Please transcribe, word for word, only the lines from the one containing "Na próxima segunda-feira" through the last line of the records below, both included, and leave out every picture.

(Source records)
↓↓↓
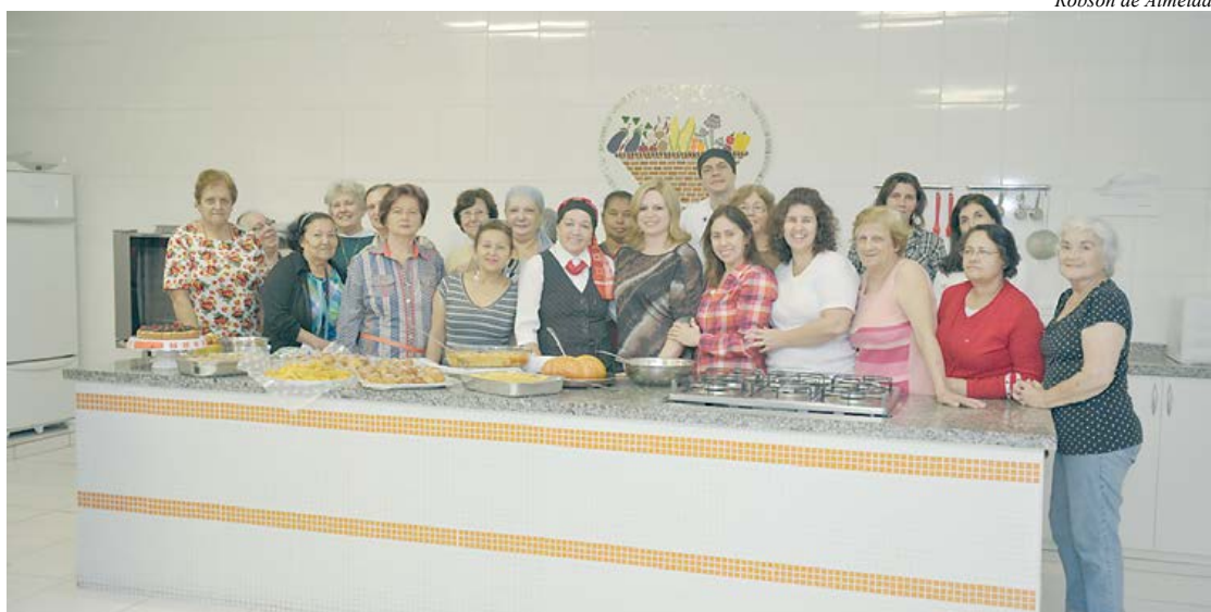
Fundo Social oferece cursos de capacitação profissional

Na próxima segunda-feira (15/7), o Fundo Social de Solidariedade de São Caetano do Sul abre inscrições para cursos de capacitação profissional aos munícipes. As aulas são gratuitas e terão início em 5 de agosto. Neste segundo semes-
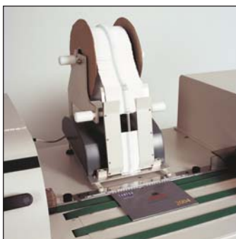
Optional hanger feeder Opcional dispensador de colgadores Optionnel : Distributeur de crochets Plug and play Aufhänger-Zufuhr
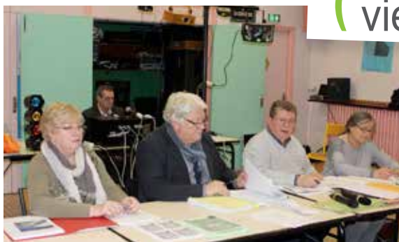
Assemblée générale également pour les membres de l'Orchestre Symphonique de Déville.
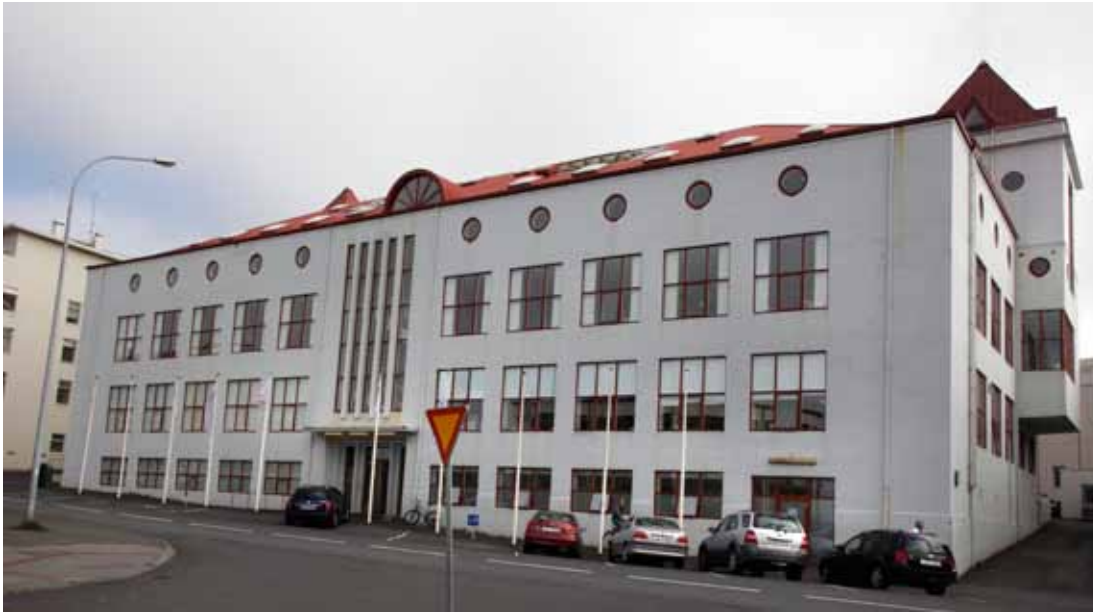
Mynd 11. Borgartún 6. Þar framleiddi Lyffjaverslun ríkisins innrennslislyf, stungulyf og önnur lyf frá árinu 1954 og til loka sjálfstæðrar starfsemi fyrirtækisins árið 1998 (sbr. texta).
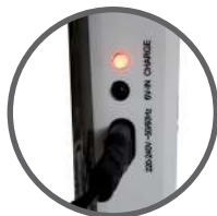
Spia LED indicatore di ricarica batteria e della funzione di emergenza inserita.
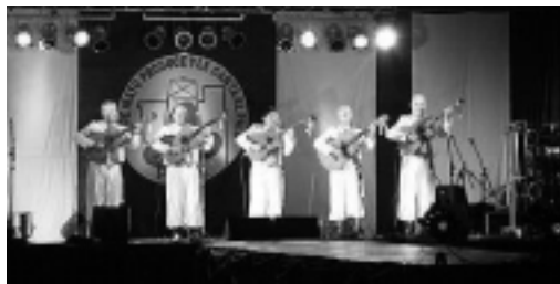
El domingo fue la noche record de asistencia que congregó a gente de diferentes ciudades y provincias.

El domingo fue una noche especial, con una llovizna que acompañó refrescando el predio, pero inusual, ya que la gente comenzó
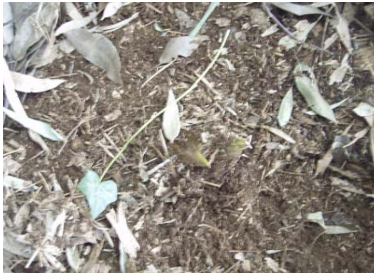
まさかこんな早く出る訳はないなと思いつつ、付近の竹山を散策していると、竹の子を発見！うまそー！
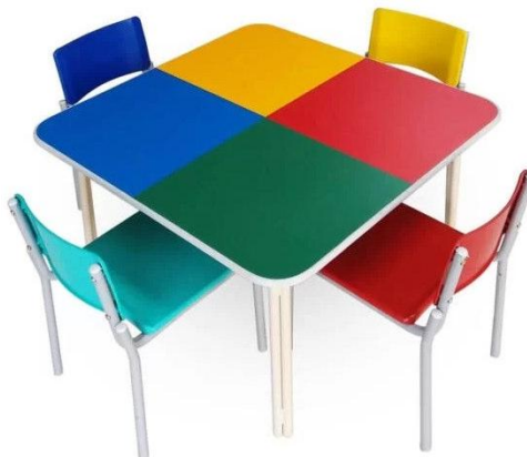
Imagem meramente ilustrativa para referência de design
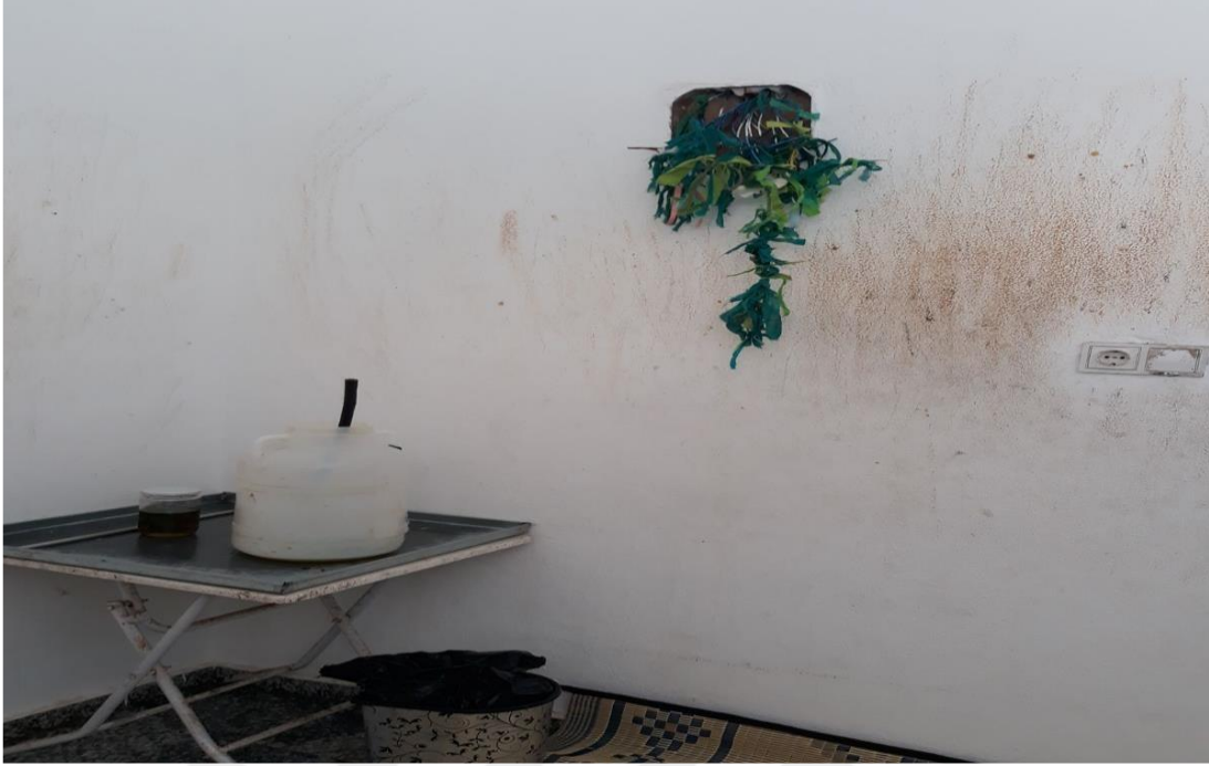
Resim – 9
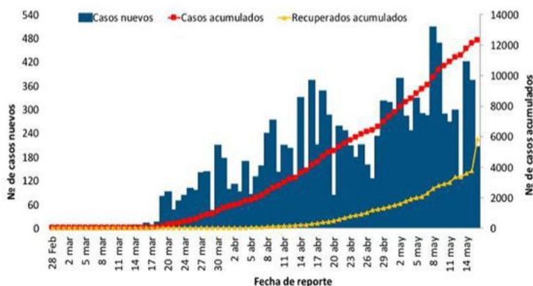
Figura 1. Casos confirmados nuevos, acumulados y recuperados de COVID-19 según fecha de reporte. República Dominicana, 16/05/2020
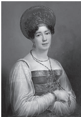
Ф. Кинсон. Портрет Софьи Петровны Свечиной. 1816 г.
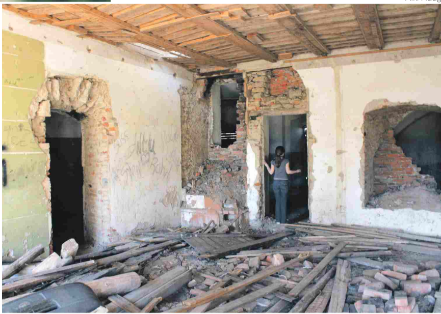
NUKKER ALGUS: Peningi mõisa fuajee 2008. aastal.
↑↑↑
## Reply
Na próxima segunda-feira (15/7), o Fundo Social de Solidariedade de São Caetano do Sul abre inscrições para cursos de capacitação profissional aos munícipes. As aulas são gratuitas e terão início em 5 de agosto. Neste segundo semes-
Optional hanger feeder Opcional dispensador de colgadores Optionnel : Distributeur de crochets Plug and play Aufhänger-Zufuhr
Assemblée générale également pour les membres de l'Orchestre Symphonique de Déville.
Mynd 11. Borgartún 6. Þar framleiddi Lyffjaverslun ríkisins innrennslislyf, stungulyf og önnur lyf frá árinu 1954 og til loka sjálfstæðrar starfsemi fyrirtækisins árið 1998 (sbr. texta).
Spia LED indicatore di ricarica batteria e della funzione di emergenza inserita.
El domingo fue la noche record de asistencia que congregó a gente de diferentes ciudades y provincias.

El domingo fue una noche especial, con una llovizna que acompañó refrescando el predio, pero inusual, ya que la gente comenzó
まさかこんな早く出る訳はないなと思いつつ、付近の竹山を散策していると、竹の子を発見！うまそー！
Imagem meramente ilustrativa para referência de design
Resim – 9
Figura 1. Casos confirmados nuevos, acumulados y recuperados de COVID-19 según fecha de reporte. República Dominicana, 16/05/2020
Ф. Кинсон. Портрет Софьи Петровны Свечиной. 1816 г.
NUKKER ALGUS: Peningi mõisa fuajee 2008. aastal.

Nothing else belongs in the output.